#### What is expected:
Beginning with the line that contains "- 셋째 이상: 등록금 전액 지원" and ending with the line that contains "Зазначається, що характер", reproduce the lines of the entries below exactly, omitting pictures.

***** Data section

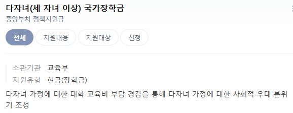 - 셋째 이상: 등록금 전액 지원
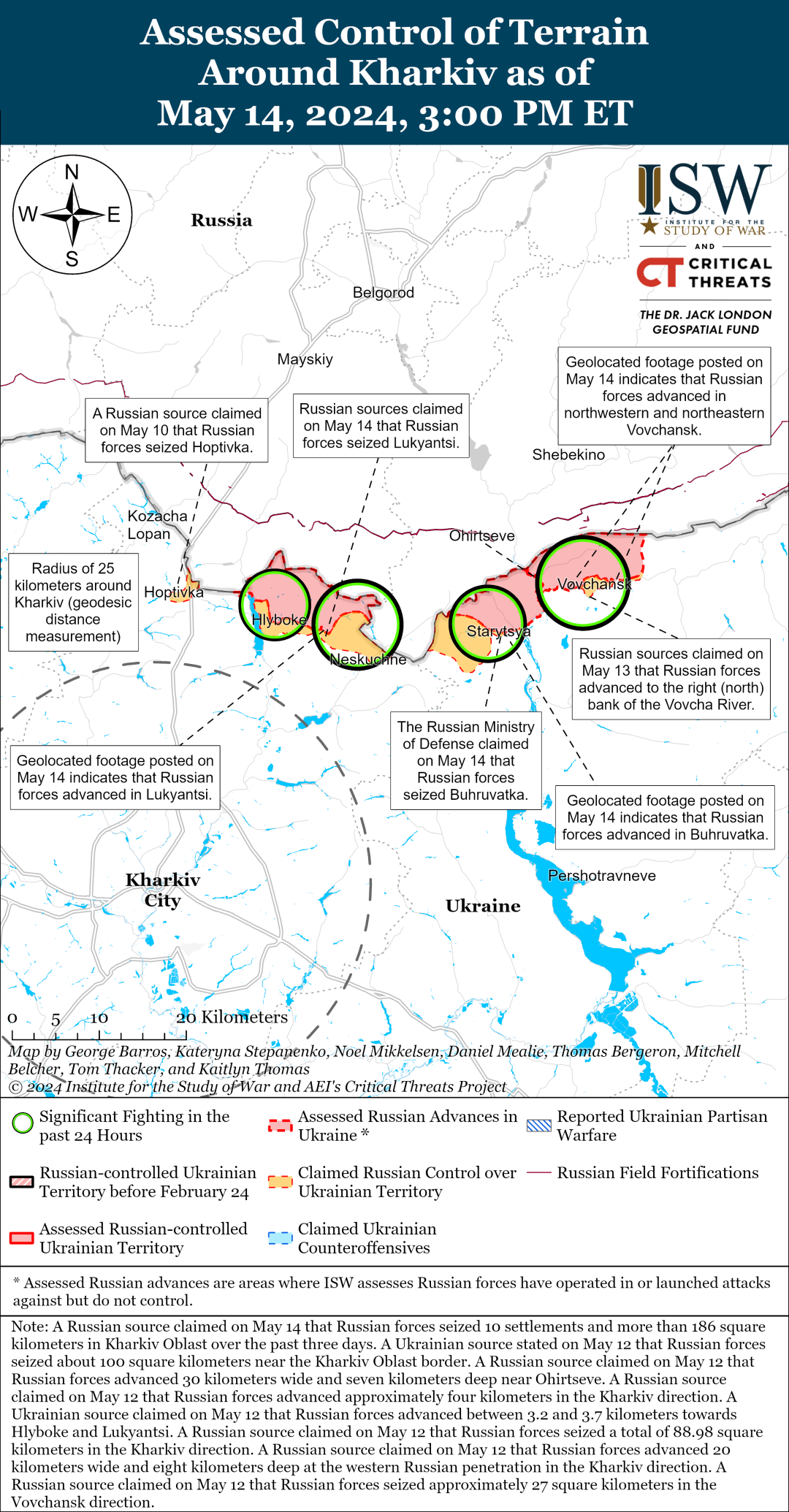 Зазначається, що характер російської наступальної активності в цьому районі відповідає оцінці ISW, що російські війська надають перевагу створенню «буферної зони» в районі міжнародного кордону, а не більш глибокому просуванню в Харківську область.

**********
***** Data section

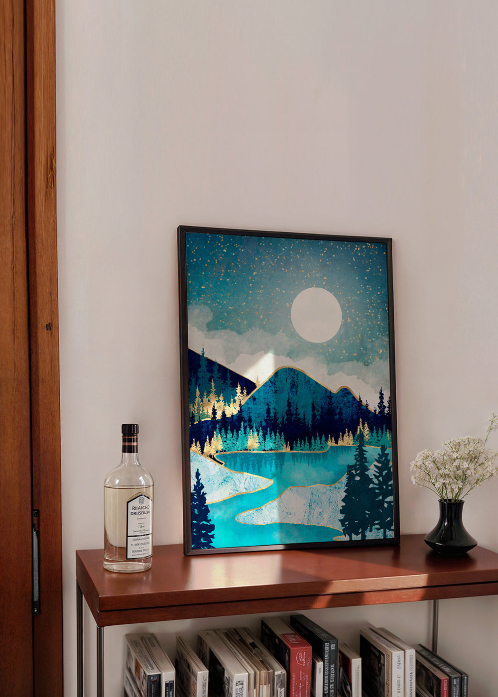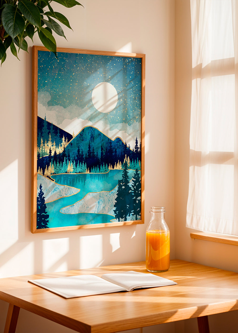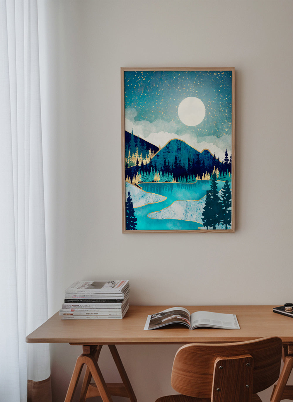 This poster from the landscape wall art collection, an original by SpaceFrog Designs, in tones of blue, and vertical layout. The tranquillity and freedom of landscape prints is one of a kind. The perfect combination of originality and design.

**********

#### Result for this task:
 - 셋째 이상: 등록금 전액 지원
 Зазначається, що характер російської наступальної активності в цьому районі відповідає оцінці ISW, що російські війська надають перевагу створенню «буферної зони» в районі міжнародного кордону, а не більш глибокому просуванню в Харківську область.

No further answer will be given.